**** MATERIALS PROVIDED ****

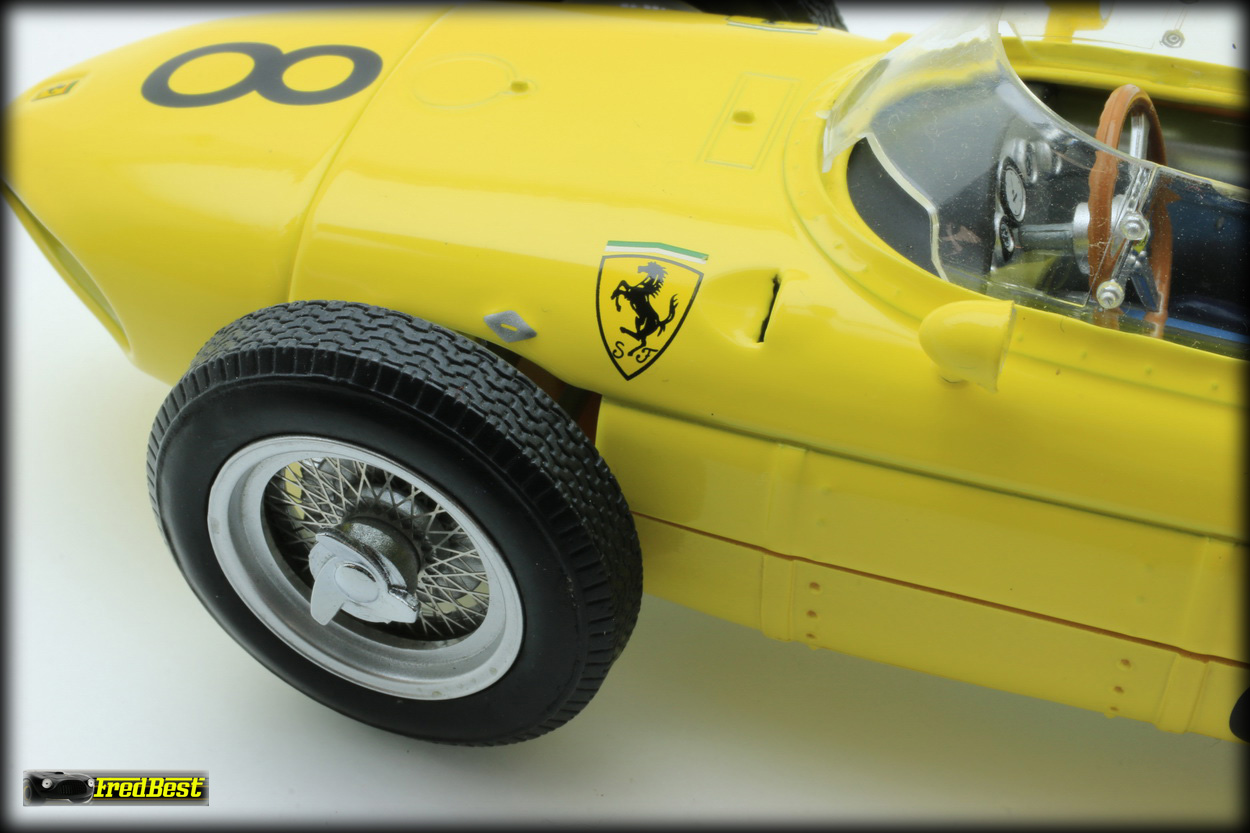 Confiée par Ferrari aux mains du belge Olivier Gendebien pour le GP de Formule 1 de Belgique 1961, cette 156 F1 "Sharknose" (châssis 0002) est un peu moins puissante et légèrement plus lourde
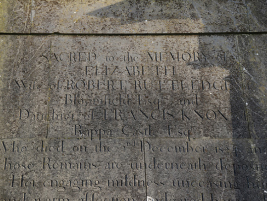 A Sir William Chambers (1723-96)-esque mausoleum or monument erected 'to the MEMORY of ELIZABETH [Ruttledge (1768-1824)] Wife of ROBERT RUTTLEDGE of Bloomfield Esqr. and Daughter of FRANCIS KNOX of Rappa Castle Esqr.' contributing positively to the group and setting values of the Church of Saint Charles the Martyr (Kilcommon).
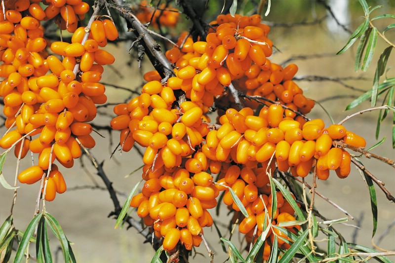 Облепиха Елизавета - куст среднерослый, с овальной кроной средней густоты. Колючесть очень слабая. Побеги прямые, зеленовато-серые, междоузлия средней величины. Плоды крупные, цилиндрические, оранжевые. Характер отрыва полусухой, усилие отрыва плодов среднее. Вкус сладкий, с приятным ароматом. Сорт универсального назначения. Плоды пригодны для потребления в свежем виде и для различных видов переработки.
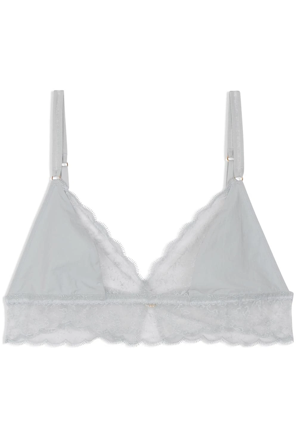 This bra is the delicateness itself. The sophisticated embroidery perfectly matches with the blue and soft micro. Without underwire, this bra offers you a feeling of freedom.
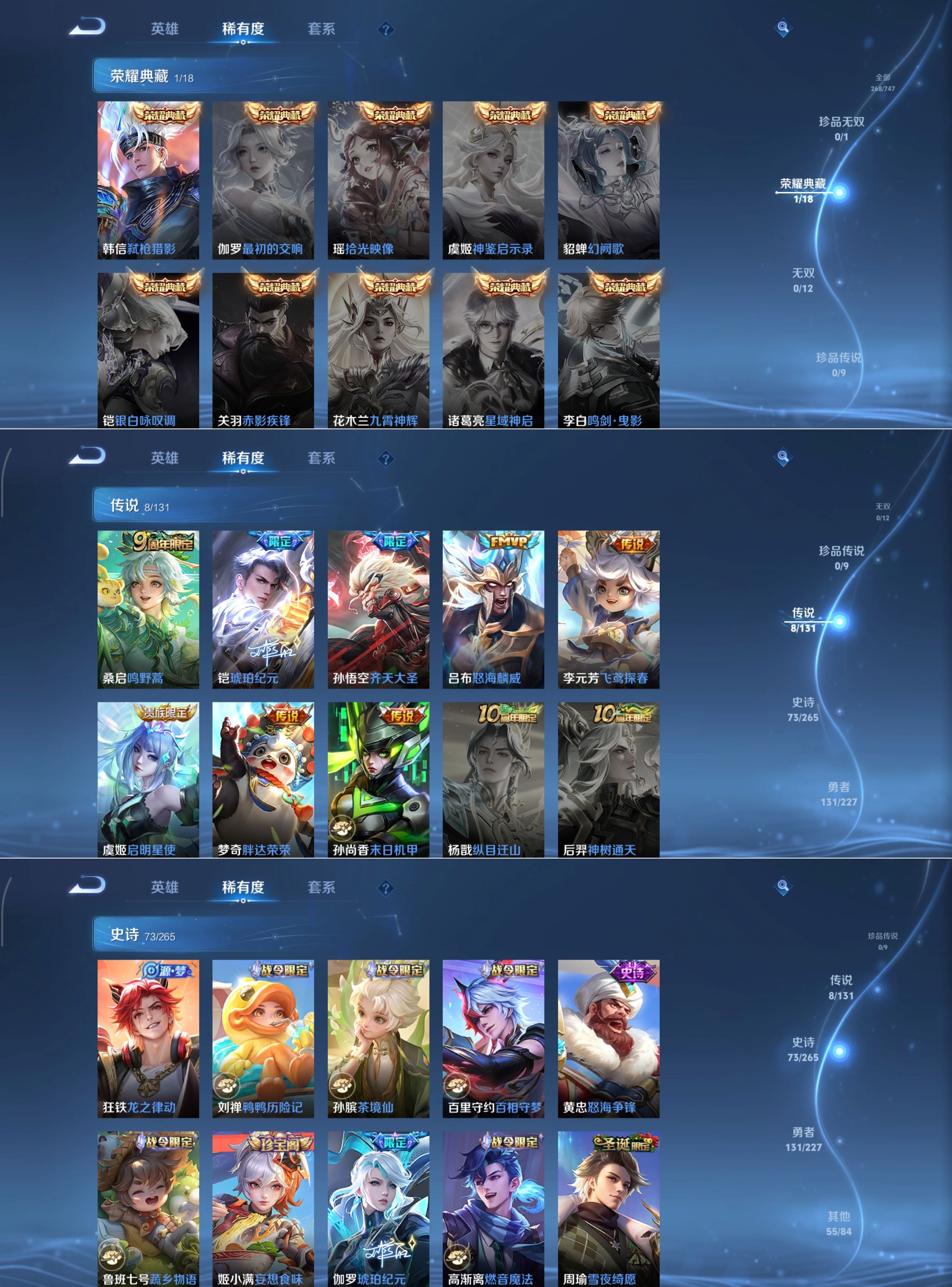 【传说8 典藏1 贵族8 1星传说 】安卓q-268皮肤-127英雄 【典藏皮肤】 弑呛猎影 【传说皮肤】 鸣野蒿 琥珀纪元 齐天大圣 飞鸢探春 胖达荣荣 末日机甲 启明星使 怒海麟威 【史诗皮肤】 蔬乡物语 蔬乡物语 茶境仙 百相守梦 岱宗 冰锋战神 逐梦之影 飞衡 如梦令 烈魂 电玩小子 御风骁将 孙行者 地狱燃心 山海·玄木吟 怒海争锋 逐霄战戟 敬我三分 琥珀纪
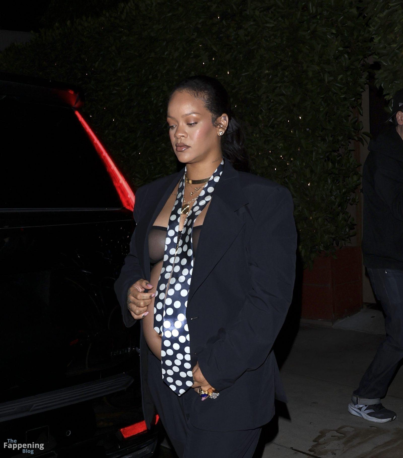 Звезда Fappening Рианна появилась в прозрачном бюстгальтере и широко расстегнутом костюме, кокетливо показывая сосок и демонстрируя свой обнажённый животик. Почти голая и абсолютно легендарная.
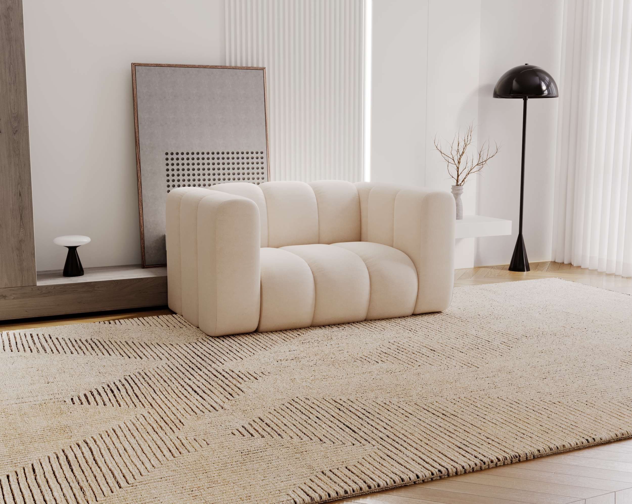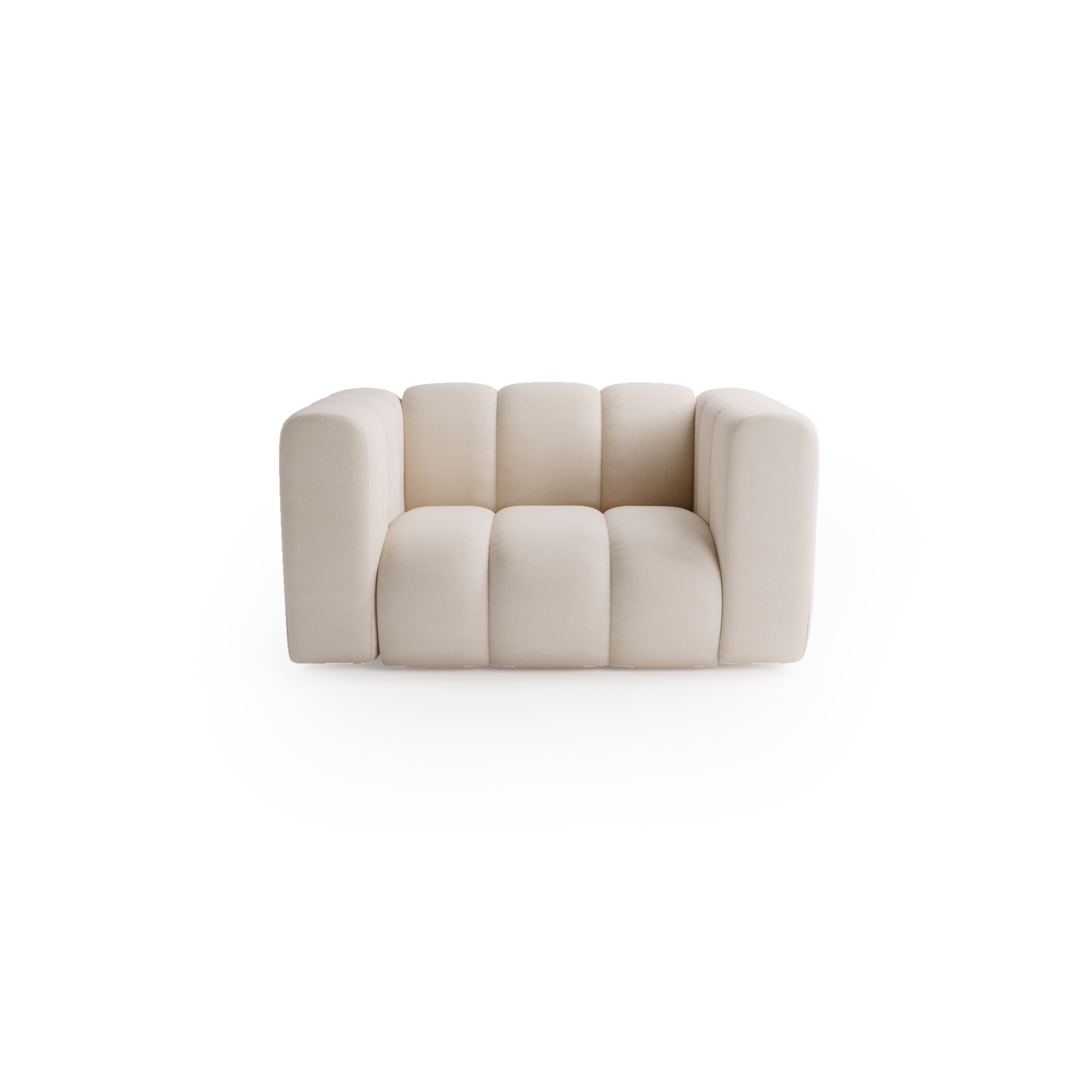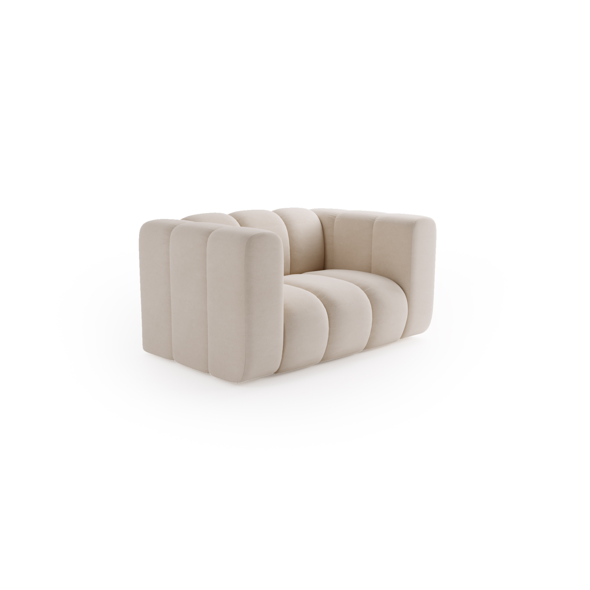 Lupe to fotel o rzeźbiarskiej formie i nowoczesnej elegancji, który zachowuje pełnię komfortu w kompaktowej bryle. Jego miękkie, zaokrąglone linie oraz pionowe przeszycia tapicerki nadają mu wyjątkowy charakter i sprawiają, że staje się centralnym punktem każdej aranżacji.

****

» WHAT IS EXPECTED: Your copy must reproduce the entries above in full, without their pictures.

» OUTPUT OF THE TASK:
 Confiée par Ferrari aux mains du belge Olivier Gendebien pour le GP de Formule 1 de Belgique 1961, cette 156 F1 "Sharknose" (châssis 0002) est un peu moins puissante et légèrement plus lourde
 A Sir William Chambers (1723-96)-esque mausoleum or monument erected 'to the MEMORY of ELIZABETH [Ruttledge (1768-1824)] Wife of ROBERT RUTTLEDGE of Bloomfield Esqr. and Daughter of FRANCIS KNOX of Rappa Castle Esqr.' contributing positively to the group and setting values of the Church of Saint Charles the Martyr (Kilcommon).
 Облепиха Елизавета - куст среднерослый, с овальной кроной средней густоты. Колючесть очень слабая. Побеги прямые, зеленовато-серые, междоузлия средней величины. Плоды крупные, цилиндрические, оранжевые. Характер отрыва полусухой, усилие отрыва плодов среднее. Вкус сладкий, с приятным ароматом. Сорт универсального назначения. Плоды пригодны для потребления в свежем виде и для различных видов переработки.
 This bra is the delicateness itself. The sophisticated embroidery perfectly matches with the blue and soft micro. Without underwire, this bra offers you a feeling of freedom.
 【传说8 典藏1 贵族8 1星传说 】安卓q-268皮肤-127英雄 【典藏皮肤】 弑呛猎影 【传说皮肤】 鸣野蒿 琥珀纪元 齐天大圣 飞鸢探春 胖达荣荣 末日机甲 启明星使 怒海麟威 【史诗皮肤】 蔬乡物语 蔬乡物语 茶境仙 百相守梦 岱宗 冰锋战神 逐梦之影 飞衡 如梦令 烈魂 电玩小子 御风骁将 孙行者 地狱燃心 山海·玄木吟 怒海争锋 逐霄战戟 敬我三分 琥珀纪
 Звезда Fappening Рианна появилась в прозрачном бюстгальтере и широко расстегнутом костюме, кокетливо показывая сосок и демонстрируя свой обнажённый животик. Почти голая и абсолютно легендарная.
 Lupe to fotel o rzeźbiarskiej formie i nowoczesnej elegancji, który zachowuje pełnię komfortu w kompaktowej bryle. Jego miękkie, zaokrąglone linie oraz pionowe przeszycia tapicerki nadają mu wyjątkowy charakter i sprawiają, że staje się centralnym punktem każdej aranżacji.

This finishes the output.